▶ _Problem description_:
Using the records below, return exactly the lines from the one containing "Nach erfolgter Eingabe" through the last, and omit pictures.

(Stored data)
-----

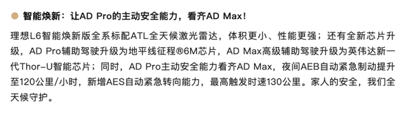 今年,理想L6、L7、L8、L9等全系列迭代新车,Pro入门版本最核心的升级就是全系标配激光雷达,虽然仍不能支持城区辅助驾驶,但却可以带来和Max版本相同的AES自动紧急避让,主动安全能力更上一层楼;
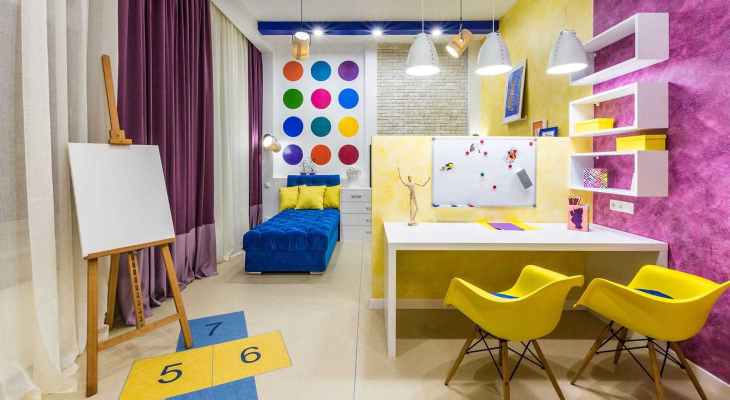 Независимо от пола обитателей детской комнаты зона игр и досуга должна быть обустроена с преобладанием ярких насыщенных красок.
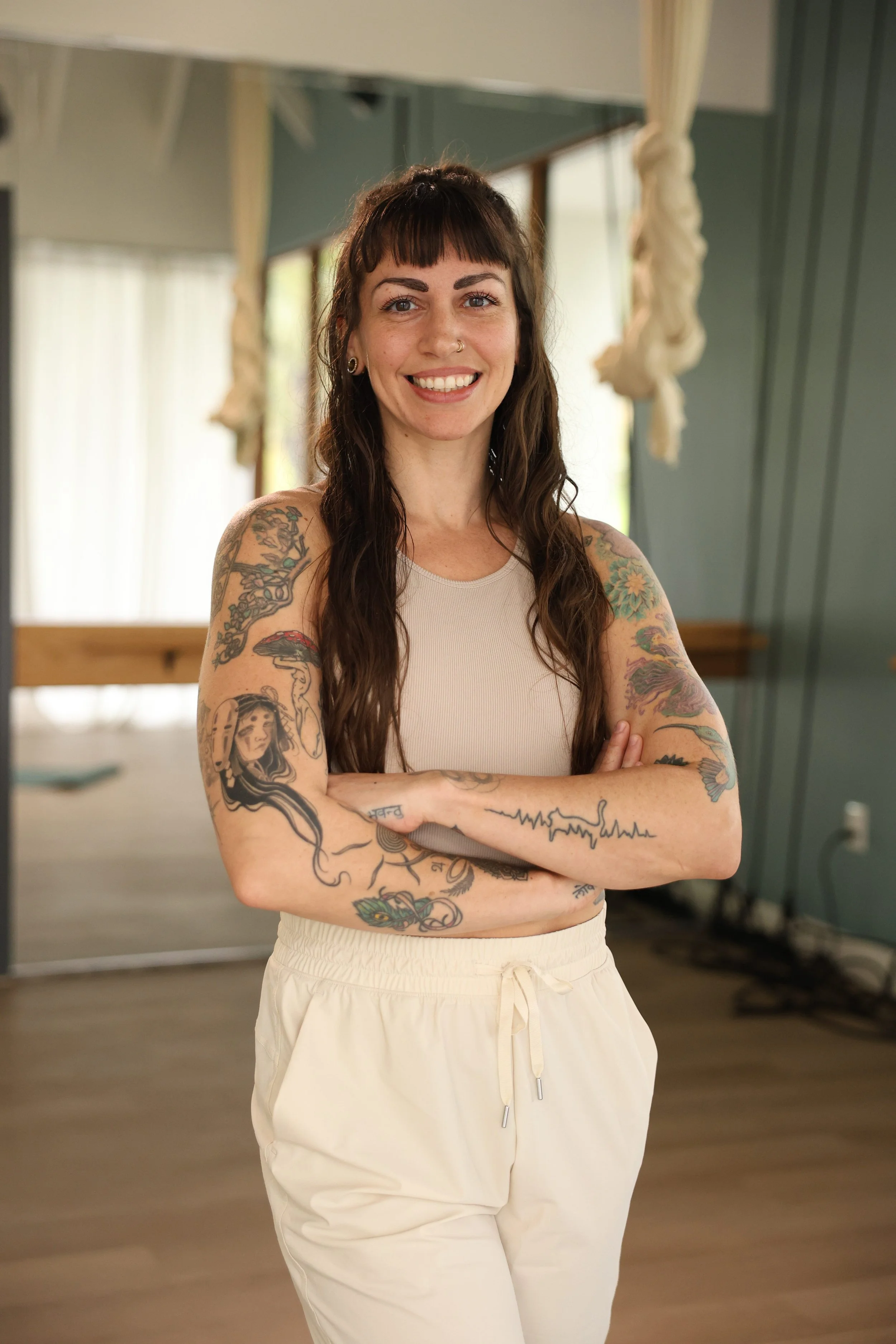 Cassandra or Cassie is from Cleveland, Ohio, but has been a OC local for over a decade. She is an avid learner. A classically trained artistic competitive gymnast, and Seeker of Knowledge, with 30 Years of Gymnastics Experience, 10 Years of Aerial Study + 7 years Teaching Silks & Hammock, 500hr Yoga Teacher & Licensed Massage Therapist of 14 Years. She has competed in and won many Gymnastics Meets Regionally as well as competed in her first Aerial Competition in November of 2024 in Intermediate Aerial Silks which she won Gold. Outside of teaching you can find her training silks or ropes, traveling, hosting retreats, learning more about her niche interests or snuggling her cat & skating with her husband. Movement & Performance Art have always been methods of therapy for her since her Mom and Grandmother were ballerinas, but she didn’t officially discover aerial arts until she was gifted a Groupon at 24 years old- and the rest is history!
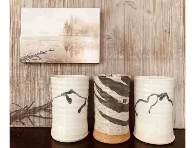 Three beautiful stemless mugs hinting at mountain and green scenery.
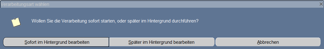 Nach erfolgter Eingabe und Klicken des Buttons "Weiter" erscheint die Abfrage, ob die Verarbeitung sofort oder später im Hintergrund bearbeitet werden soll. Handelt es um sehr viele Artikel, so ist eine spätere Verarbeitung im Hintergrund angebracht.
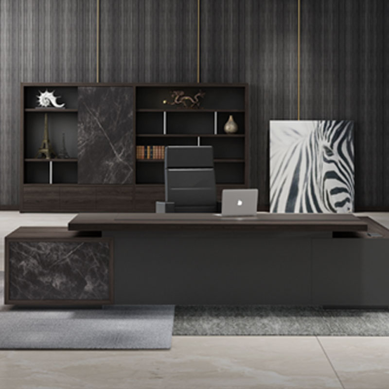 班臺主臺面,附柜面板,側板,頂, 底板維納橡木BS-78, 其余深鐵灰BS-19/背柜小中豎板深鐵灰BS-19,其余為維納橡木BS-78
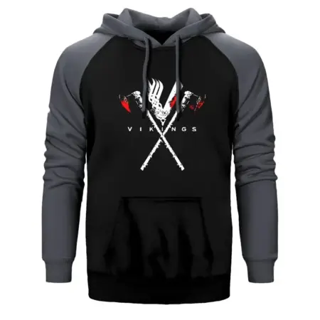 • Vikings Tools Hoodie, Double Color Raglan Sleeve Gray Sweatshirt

-----

▶ _Task response_:
 Nach erfolgter Eingabe und Klicken des Buttons "Weiter" erscheint die Abfrage, ob die Verarbeitung sofort oder später im Hintergrund bearbeitet werden soll. Handelt es um sehr viele Artikel, so ist eine spätere Verarbeitung im Hintergrund angebracht.
 班臺主臺面,附柜面板,側板,頂, 底板維納橡木BS-78, 其余深鐵灰BS-19/背柜小中豎板深鐵灰BS-19,其余為維納橡木BS-78
 • Vikings Tools Hoodie, Double Color Raglan Sleeve Gray Sweatshirt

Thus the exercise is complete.